1. # fio --filename=/dev/sdb --direct=1 --rw=read --sync=0 --time_based --bs=4k --size=4096M --numjobs=1 --iodepth=1 --runtime=30 --group_reporting --name=test --thread --ioengine=libaio

Actual results:
iops        : min=  824, max=  886, avg=861.05, stdev=12.34, samples=59

Expected results:
Tested on Standard_D4ds_v5:
iops        : min=10734, max=18974, avg=13713.49, stdev=1538.76, samples=59

Additional info:
1. Bisected issue to minor version - 195.el9:
5.14.0-194.el9.x86_64
   bw (  KiB/s): min=25256, max=56160, per=99.98%, avg=50932.88, stdev=6357.32, samples=59
   iops        : min= 6314, max=14040, avg=12733.22, stdev=1589.33, samples=59

5.14.0-195.el9.x86_64
   bw (  KiB/s): min= 1072, max= 3584, per=100.00%, avg=3452.24, stdev=320.44, samples=59
   iops        : min=  268, max=  896, avg=863.05, stdev=80.11, samples=59


2. Latest RHEL 8.9 also has this issue but not as bad:
   bw (  KiB/s): min=14816, max=36472, per=100.00%, avg=25072.03, stdev=4593.09, samples=59
   iops        : min= 3704, max= 9118, avg=6268.00, stdev=1148.27, samples=59

3. Pbench test suite with kernel-5.14.0-340.el9.x86_64:
http://pbench.perf.lab.eng.bos.redhat.com/users/virt-perftest-test/EC2::Standard-DC96ads-v5/fio_Azure_9.3.202307190_x86_64_gen2_localssd_quick_D230723T234533/fio_bs_4_1024_iod_1_njobs_1_read_write_rw_2023.07.24T03.45.33/result.html

4. Not sure if this BZ is related but introduced in the same version:
https://bugzilla.redhat.com/show_bug.cgi?id=2215362

Comment 1 Li Tian 2023-07-31 14:32:14 UTC
Hi Vitaly, just wanna bring your attention to this one.
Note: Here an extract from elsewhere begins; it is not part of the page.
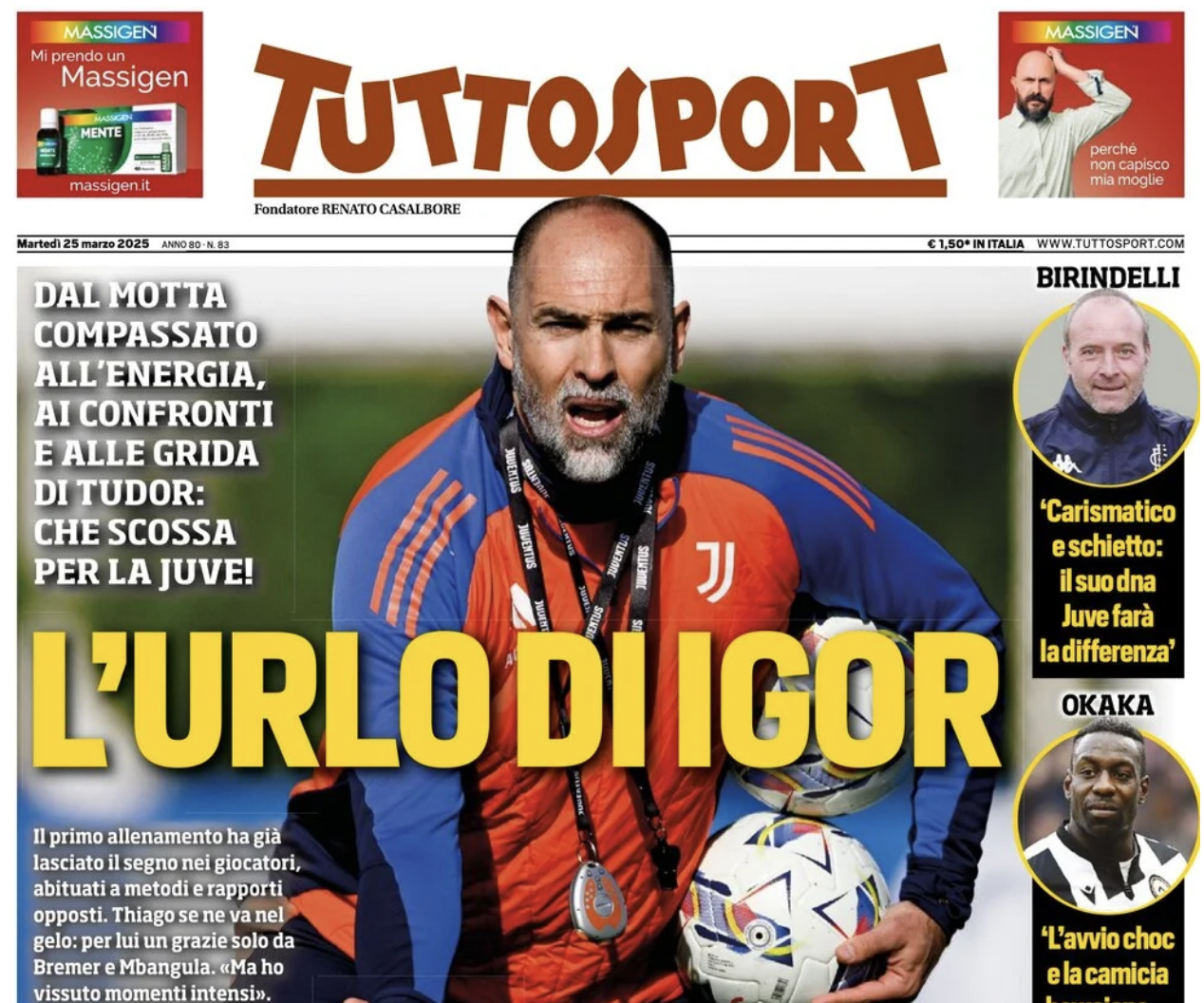 CORRIERE DELLO SPORT – Il Corriere dello Sport parla del primo giorno di Igor Tudor alla Juventus e delle valutazioni in sede di infermeria, con Cambiaso e Douglas Luiz che per adesso continuano a lavorare a parte (ma per loro non si esclude un recupero per la sfida col Genoa). Poco a poco rientreranno anche i nazionali bianconeri e andranno valutati al loro rientro.

Seems happened on the same minor version as https://bugzilla.redhat.com/show_bug.cgi?id=2215362

Comment 2 Vitaly Kuznetsov 2023-08-02 17:15:09 UTC
This regression bisects to

commit 1d45e77775b808dcd7716f6b8219ee12f73d1855
Author: Nico Pache <npache>
Date:   Wed Nov 2 08:54:46 2022 -0600

    x86/PAT: Have pat_enabled() properly reflect state when running on Xen
    
    commit 72cbc8f04fe2fa93443c0fcccb7ad91dfea3d9ce
    Author: Jan Beulich <jbeulich>
    Date:   Thu Apr 28 16:50:29 2022 +0200
    
        x86/PAT: Have pat_enabled() properly reflect state when running on Xen

So I think we need 

commit 90b926e68f500844dff16b5bcea178dc55cf580a
Author: Juergen Gross <jgross>
Date:   Tue Jan 10 07:54:27 2023 +0100

    x86/pat: Fix pat_x_mtrr_type() for MTRR disabled case

to fix the problem. Let me run some tests.